I would like this query to return a single column called LogDetailsAmount. If a record is "Qualified" using the criteria I gave above, then its LogDetailsAmount value would be the LogDetailsAmount.Amount of the LogDetailsAmount struct that matched. Otherwise, if a record is not qualified, its LogDetailsAmount value should be 0.00.

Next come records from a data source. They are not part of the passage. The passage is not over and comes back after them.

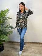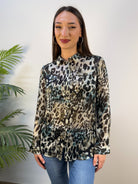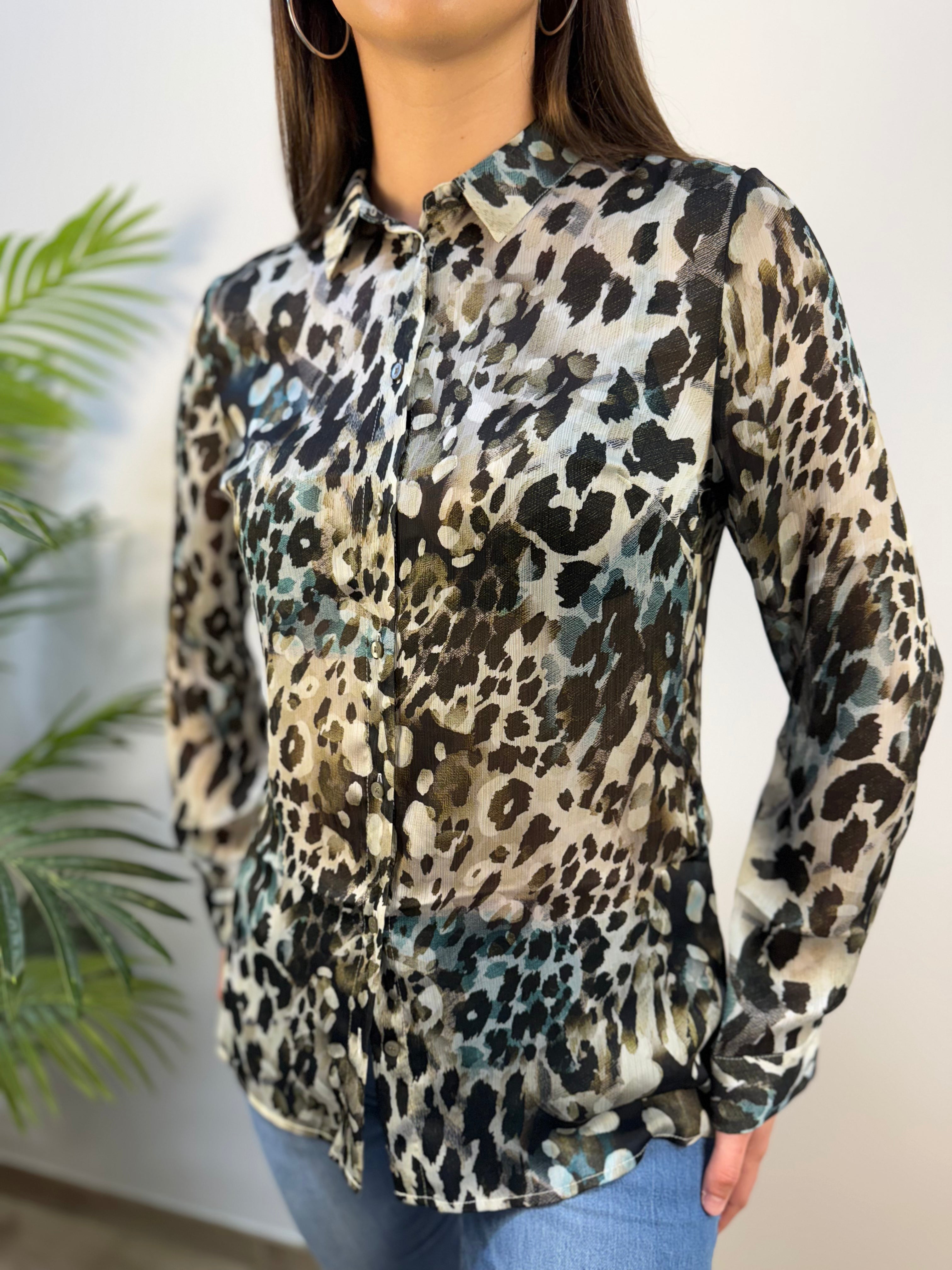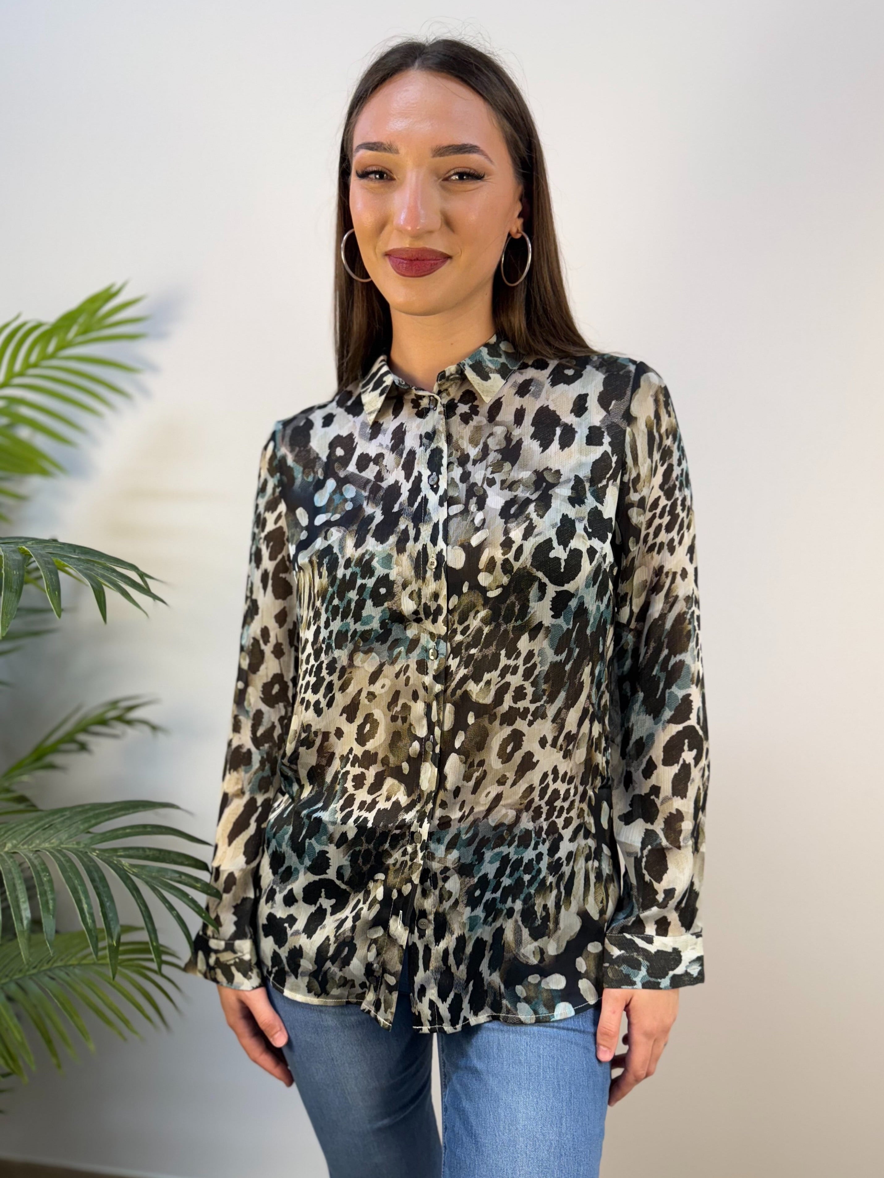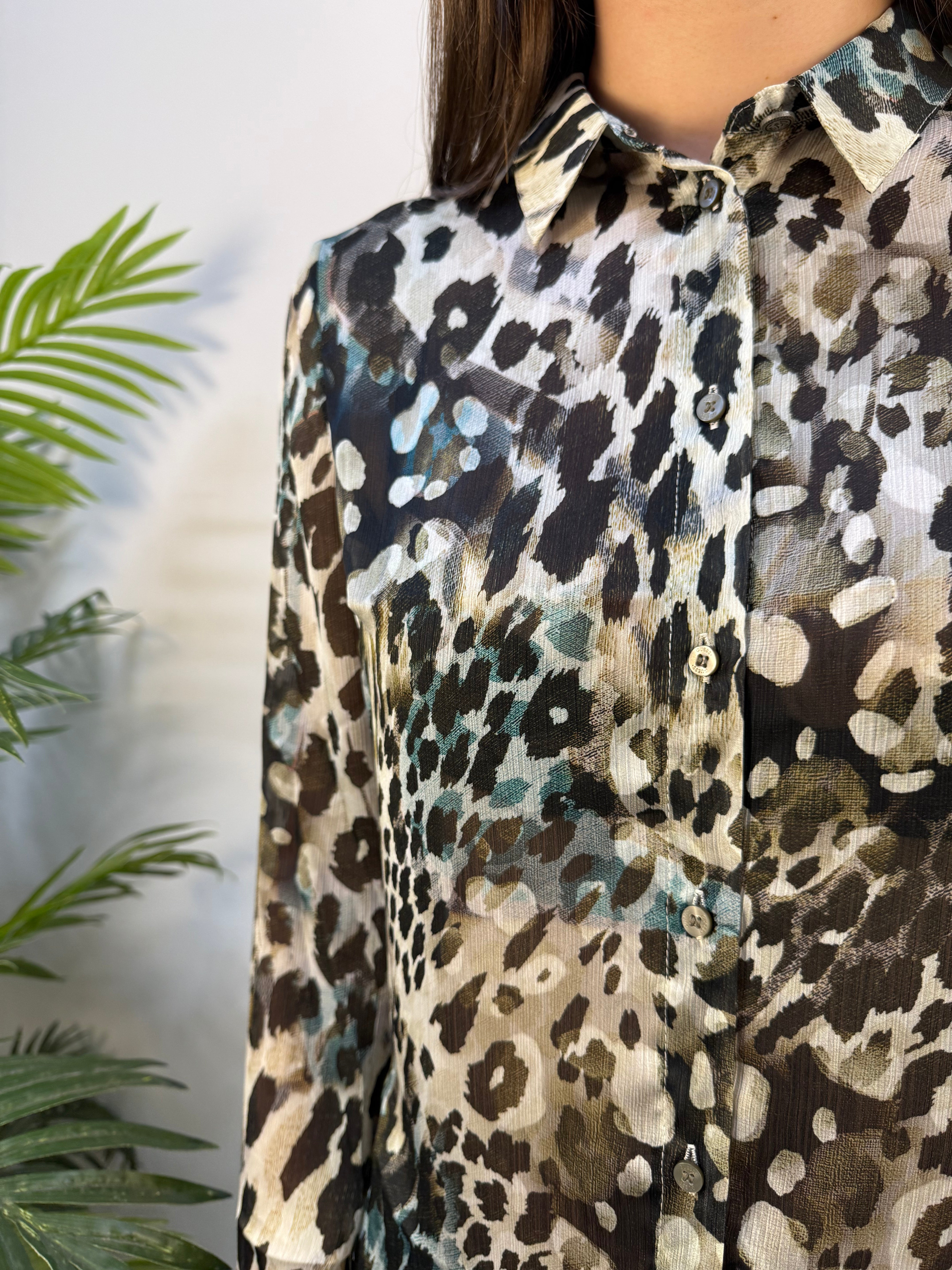 Camicia morbida in fantasia animalier con dettagli azzurri
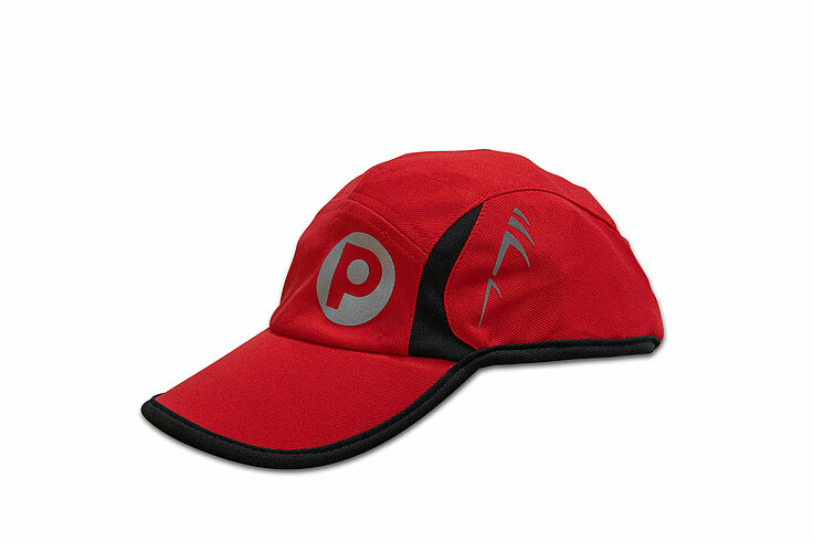 Laufkappe, atmungsaktiv, waschbar und schnelltrocknend. Kontrastfarbene und reflektierende Einsätze im sportlichen Design.
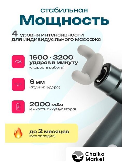 | Регулировка скорости массажа | (от 1600 до 3200 ударов в минуту) |

My best attempt thus far is:

SELECT
    CASE
        WHEN EXISTS (SELECT 1
                     FROM finlog AS fl
                     LATERAL VIEW OUTER EXPLODE(fl.LogDetails) AS ld
                     WHERE ld.ControlId = fl.ClientControlNumber
                       AND ld.Label = "ACTIVE")
            THEN (SELECT ld.Amount
                  FROM finlog AS fl
                  LATERAL VIEW OUTER EXPLODE(fl.LogDetails) AS ld
                  WHERE ld.ControlId = fl.ClientControlNumber
                    AND ld.Label = "ACTIVE"
                  LIMIT 1)
            ELSE 0.00
    END AS LogDetailAmount
FROM
    finlog AS fl;

I think I'm close but something is off.

All (and I mean all) values for the LogDetailAmount field are coming back as the same value: -0.95. The query returns millions of results.

I wonder if I'm matching against the same record and somehow just copying-n-pasting the same result over and over again, instead of doing the matching on a row-by-row basis?


Solution

  • I have tried your Query and I see same results as you said:

    %sql
    SELECT
        CASE
            WHEN EXISTS (SELECT 1
                         FROM finlog AS fl
                         LATERAL VIEW OUTER EXPLODE(fl.LogDetails) AS ld
                         WHERE ld.ControlId = fl.ClientControlNumber
                           AND ld.Label = "ACTIVE")
                THEN (SELECT ld.Amount
                      FROM finlog AS fl_inner
                      LATERAL VIEW OUTER EXPLODE(fl_inner.LogDetails) AS ld
                      WHERE ld.ControlId = fl_inner.ClientControlNumber
                        AND ld.Label = "ACTIVE"
                        LIMIT 1)
                ELSE 0.00
        END AS LogDetailAmount
    FROM
        finlog AS fl;
    

    Results:

    LogDetailAmount
    55.00
    55.00
    55.00
    55.00
    

    I tried the below query: In the below query joining on a derived table that includes rows with the 'ACTIVE' label. These rows are then spread out into individual records using the OUTER EXPLODE function. Using left join all rows finlog table will be included in the output, even if there is no match in the derived table.

    %sql
    SELECT 
       CASE 
           WHEN ld_active.ControlId IS NOT NULL AND ld_active.Label = 'ACTIVE' 
           THEN ld_active.Amount 
           ELSE 0.00 
       END AS LogDetailAmount 
    FROM 
       finlog AS main_fl 
       LEFT JOIN 
          (SELECT 
              fl.AccountNumber, 
              ld.Amount, 
              ld.ControlId, 
              ld.Label 
           FROM 
               finlog AS fl 
               LATERAL VIEW OUTER EXPLODE(fl.LogDetails) AS ld
           WHERE 
               ld.Label = 'ACTIVE'
          ) AS ld_active 
          ON main_fl.AccountNumber = ld_active.AccountNumber 
             AND ld_active.ControlId = main_fl.ClientControlNumber;
         
    

    Results:

    LogDetailAmount
    55.00
    45.00
    50.00
    20.00
    0.00
    
    • In the CASE Statement checking the conditions within the WHEN and ELSE clausesstrong text to determine the value of LogDetailAmount. If ld_active.ControlId is not null, and ld_active.Label is 'ACTIVE', then LogDetailAmount is set to ld_active.Amount. If the conditions are not met, it sets LogDetailAmount to 0.00.
    • FROM Clause specifing the source table as finlog with the alias main_fl.
    • Left join with a derived table (ld_active) that contains rows exploded from LogDetails where the label is 'ACTIVE'. The join condition ensures that the rows are matched based on AccountNumber and ControlId.
    • Derived Table (ld_active) using LATERAL VIEW OUTER EXPLODE to explode the LogDetails array into separate rows for each struct. The WHERE clause filters the rows where the label is 'ACTIVE'.
    • ON Clause specifing the join conditions, linking the main_fl table with the ld_active derived table based on AccountNumber and ControlId.